A Good Sugar for Your Teeth
CINCINNATI (Ivanhoe Newswire) -- Researchers presenting at the American Academy of Pediatric Dentistry Annual Session in Cincinnati found a natural sweetener may not only improve the taste of gum and candies, it may also reduce tooth decay.
Their new study observed children school-aged children in Belize for several years. Some kids chewed regular gum, some chewed gum with other sugar substitutes, and the final group chewed gum with xylitol.
According to Margherita Fontana, DDS, Ph.D., of Indiana University School of Dentistry in Indianapolis, chewing gum with high doses of xylitol several times a day over a prolonged period reduced the incidence of tooth decay.
"The studies were mostly done in children, but it would apply also for adults," she said.
Xylitol is a sugar substitute found in trees, fruits and vegetables. Even though it is sweet, it doesn't interact with oral bacteria that produce acids that lead to cavities. Xylitol is available in some gum and juice brands currently on the market. But, Fontana said, you'll pay more.

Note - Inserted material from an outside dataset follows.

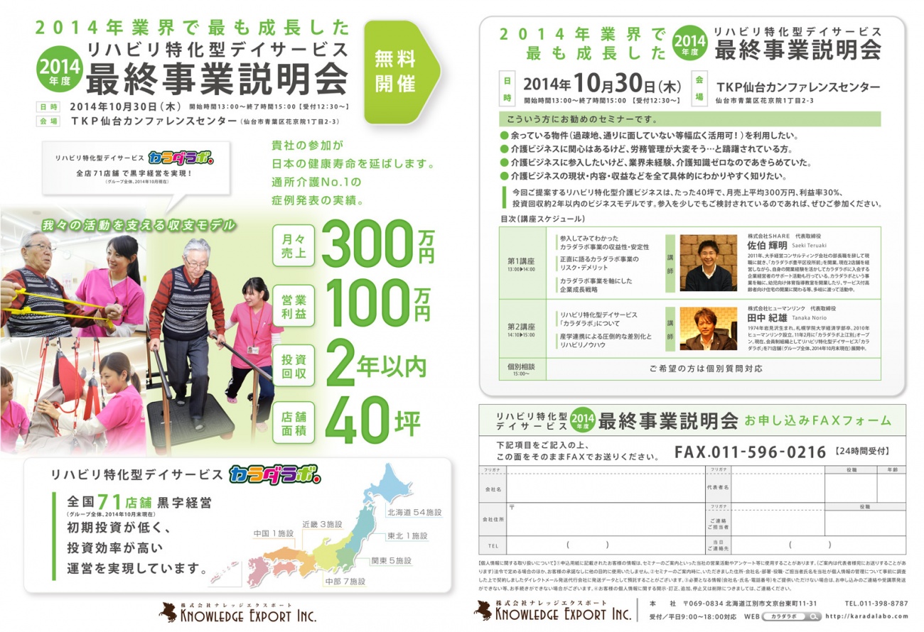 「リハビリ特化型デイサービス 事業説明会」を無料開催いたします!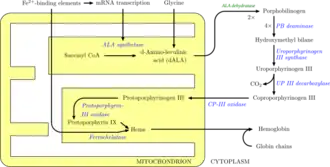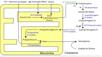 A síntese do heme se dá em dois locais distintos da célula e envolve oito enzimas. Ela começa na mitocôndria (com a primeira enzima atuando), prossegue no citoplasma (com quatro enzimas atuando), e volta para a mitocôndria, onde é encerrada (com as três últimas enzimas atuando).

Before you run to the store looking for gum with xylitol, however, Fontana said it may be difficult to find the appropriate amounts. "To get the effect that you got in those studies, you have to chew it at a certain dosage every day for a long period of time," she warned.
Meanwhile, other studies also show the benefits of xylitol. Another study done in Finland found fewer mothers transmitted cavity-causing bacteria to their children when they chewed gum with xylitol. The bacteria transmission occurs when mother and children share eating utensils.